--- EXERCISE DETAILS ---
Locate the line that contains "This transparent pendant" in the data that follows. Copy it and every subsequent line to the end, exactly, excluding pictures.

+---+

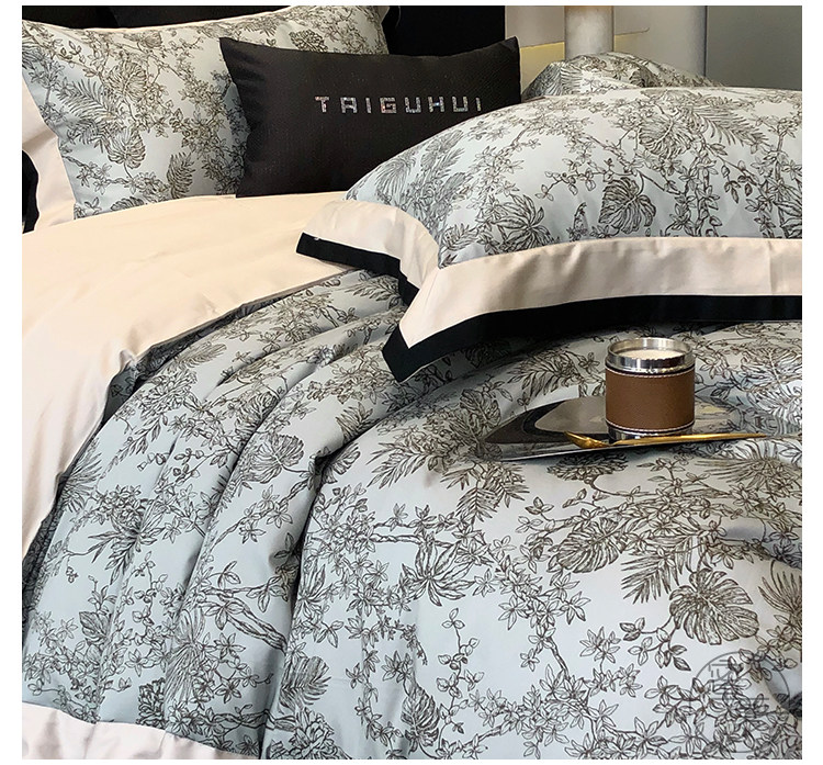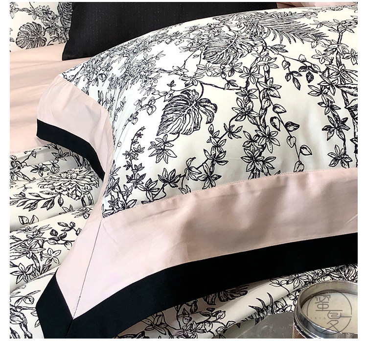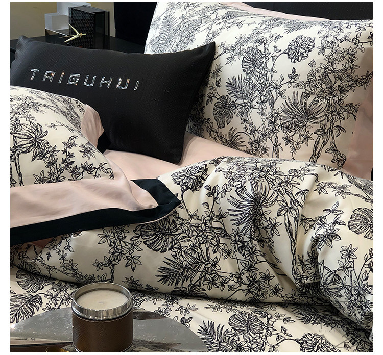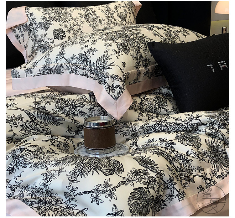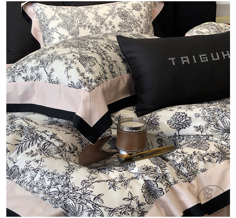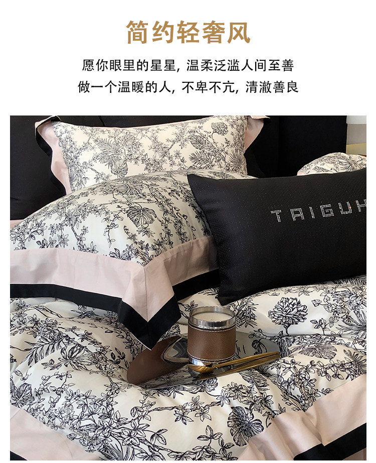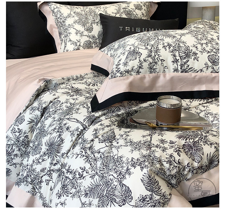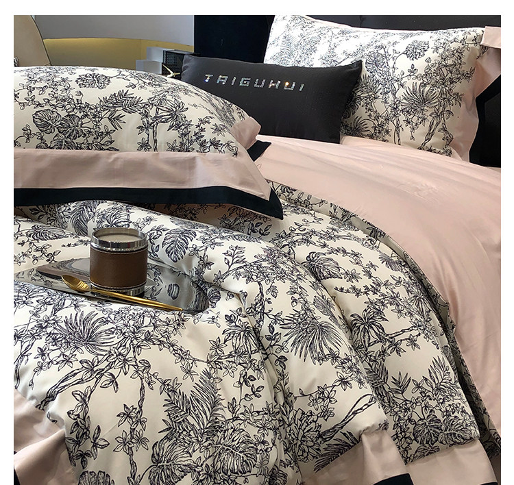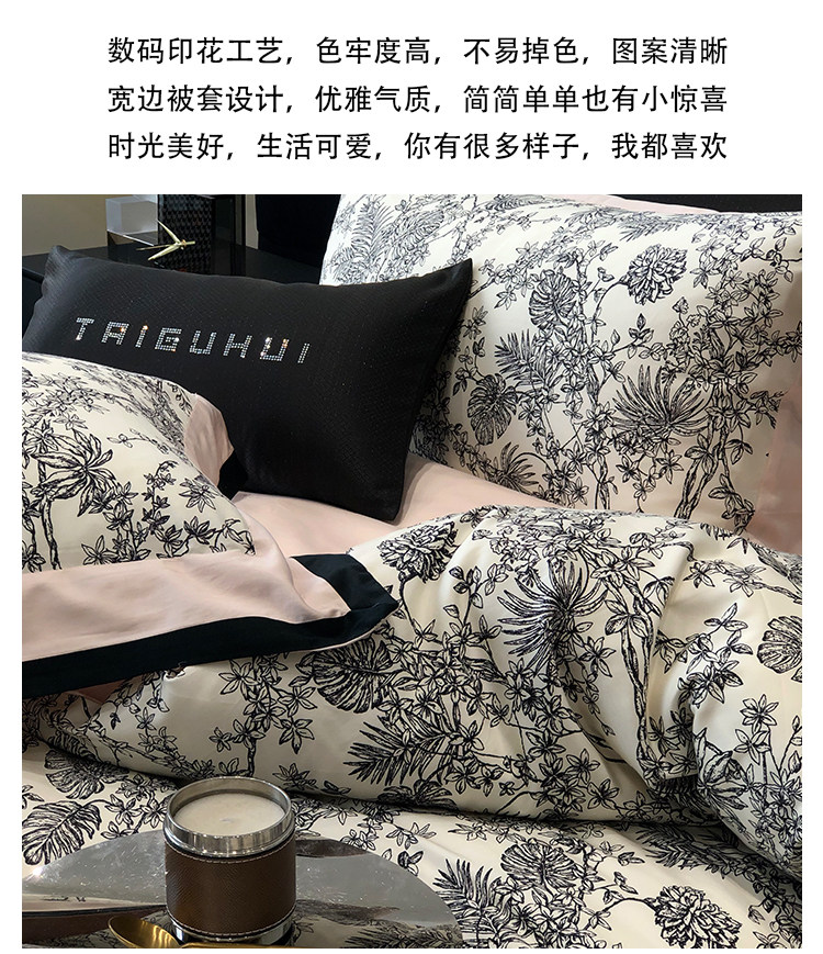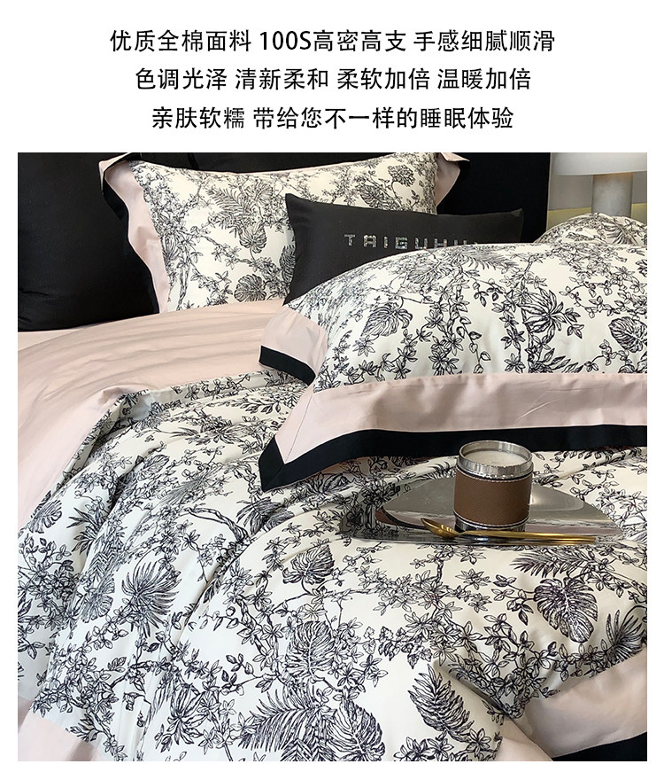 簡約風100S高支長絨棉四件套植物數碼印花全棉被套1.8米m床上用品
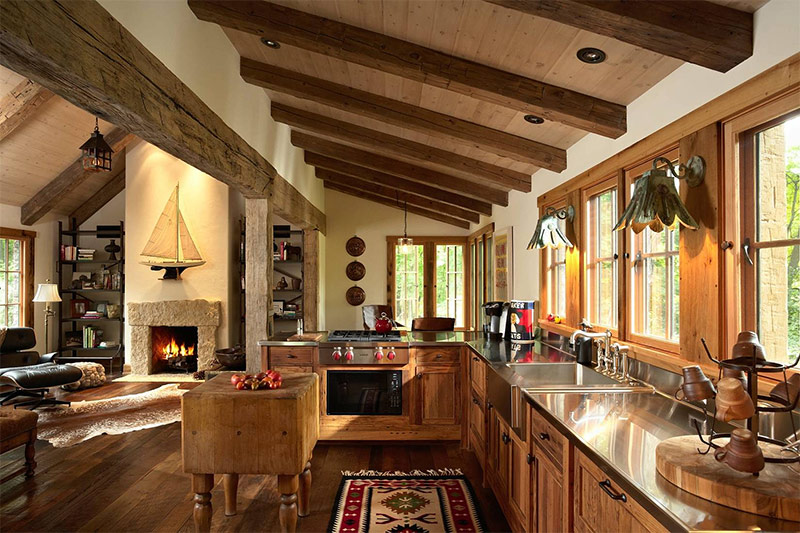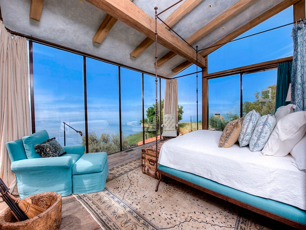 La décoration en tissu des lieux est restreinte. Utilisez des tissus naturels - lin, coton, fibre de bambou. Les fenêtres sont ridées avec des rideaux à la coupe simple sans fioritures et draperies. Des toiles simples avec un motif caractéristique d'ondes graphiques sont choisies. Il est important que chaque détail ne soit pas seulement esthétique, mais ait également une application pratique. Par exemple, des rideaux protègent de la lumière vive, un rideau de lit infernal - des moustiques, des oreillers sur un canapé créent des conditions confortables pour s'asseoir.
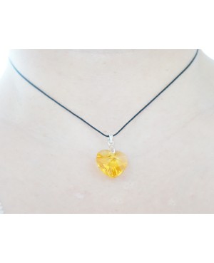 This transparent pendant plays with light to reveal a unique and multicolored transparency.It is high quality as it as a crystal heart. It has a width of 18 mm and a height of 15 mm and was made by hand in our workshop. It is then attached to a silver suspension ring which is attached to a black cotton cord.This pendant is worn as a choker as the chord is 42 cm.
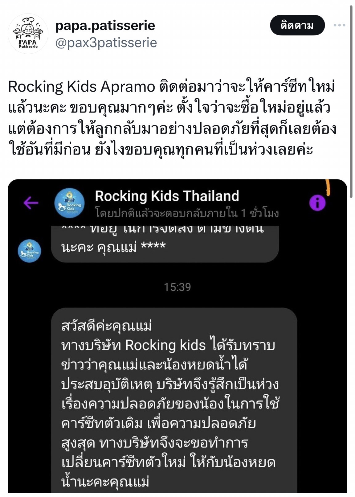 เมื่อทราบข่าวร็อคกิงคิดส์ฯ จึงรู้สึกเป็นห่วงความปลอดภัยของน้องหยดน้ำในการใช้คาร์ซีทตัวเดิม และ เล็งเห็นถึงความสำคัญของคุณแม่และน้องหยดน้ำเป็นอันดับแรก รวมถึงความปลอดภัยในการใช้คาร์ซีทตัวเดิมหลังจากการเกิดอุบัติเหตุ จึงทำการส่งเปลี่ยนคาร์ซีทตัวใหม่ให้คุณแม่ภายใน 5 วัน ตามนโยบายของบริษัท ที่ไม่สนับสนุนการใช้คาร์ซีทที่ผ่านการเกิดอุบัติเหตุมาแล้ว
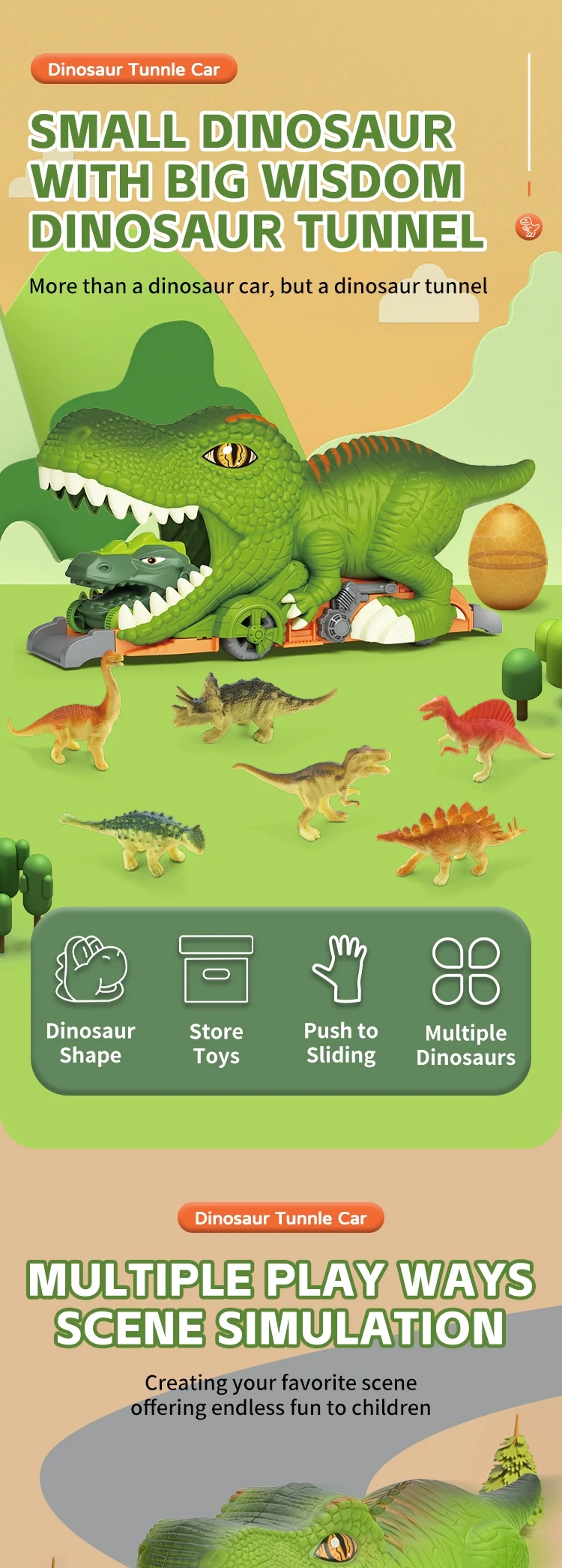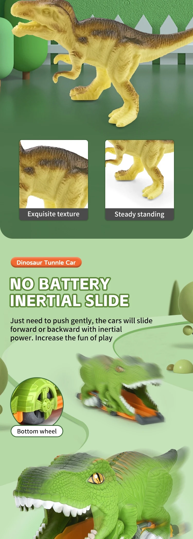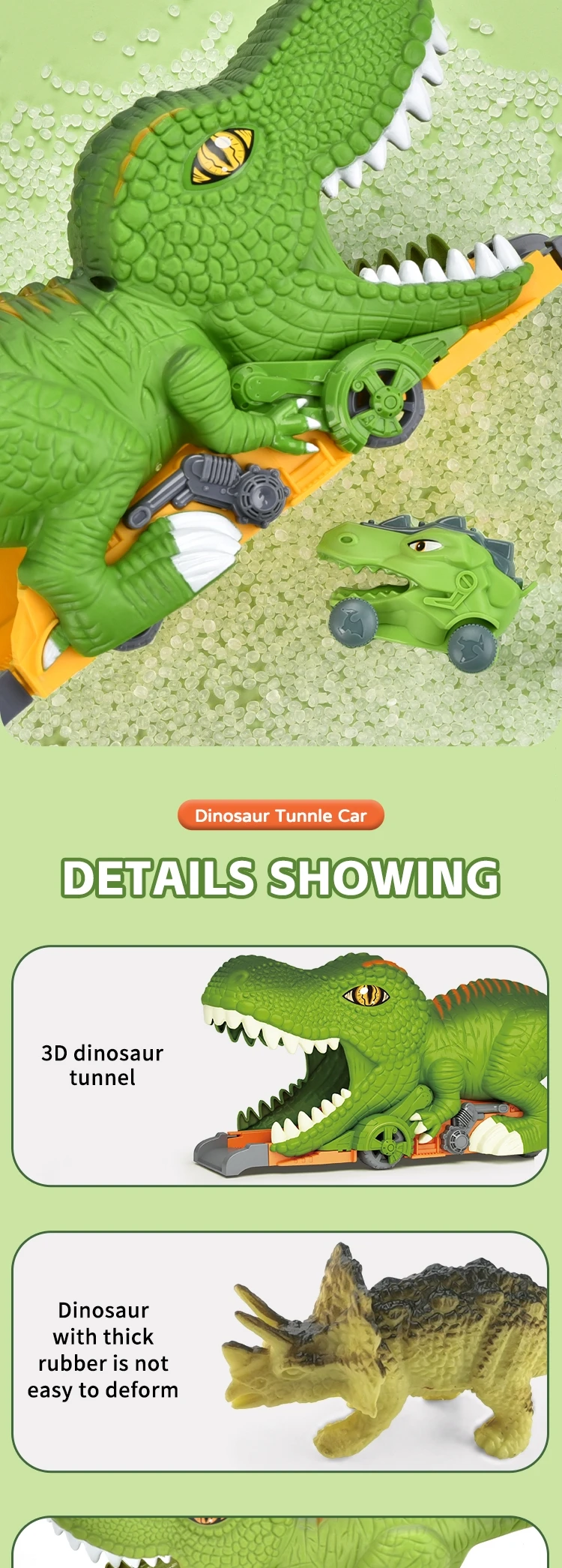 | Packaging Details | 1 piece/ Window Box, 10 pcs/ Carton, can change the quantity per carton, New Arrival Dinosaur Tunnel Car 3D Small Dinosaur Model Kid Inertial Slide Track Friction Toy Vehicle with Egg |

+---+

--- RESPONSE TO THE EXERCISE ---
 This transparent pendant plays with light to reveal a unique and multicolored transparency.It is high quality as it as a crystal heart. It has a width of 18 mm and a height of 15 mm and was made by hand in our workshop. It is then attached to a silver suspension ring which is attached to a black cotton cord.This pendant is worn as a choker as the chord is 42 cm.
 เมื่อทราบข่าวร็อคกิงคิดส์ฯ จึงรู้สึกเป็นห่วงความปลอดภัยของน้องหยดน้ำในการใช้คาร์ซีทตัวเดิม และ เล็งเห็นถึงความสำคัญของคุณแม่และน้องหยดน้ำเป็นอันดับแรก รวมถึงความปลอดภัยในการใช้คาร์ซีทตัวเดิมหลังจากการเกิดอุบัติเหตุ จึงทำการส่งเปลี่ยนคาร์ซีทตัวใหม่ให้คุณแม่ภายใน 5 วัน ตามนโยบายของบริษัท ที่ไม่สนับสนุนการใช้คาร์ซีทที่ผ่านการเกิดอุบัติเหตุมาแล้ว
 | Packaging Details | 1 piece/ Window Box, 10 pcs/ Carton, can change the quantity per carton, New Arrival Dinosaur Tunnel Car 3D Small Dinosaur Model Kid Inertial Slide Track Friction Toy Vehicle with Egg |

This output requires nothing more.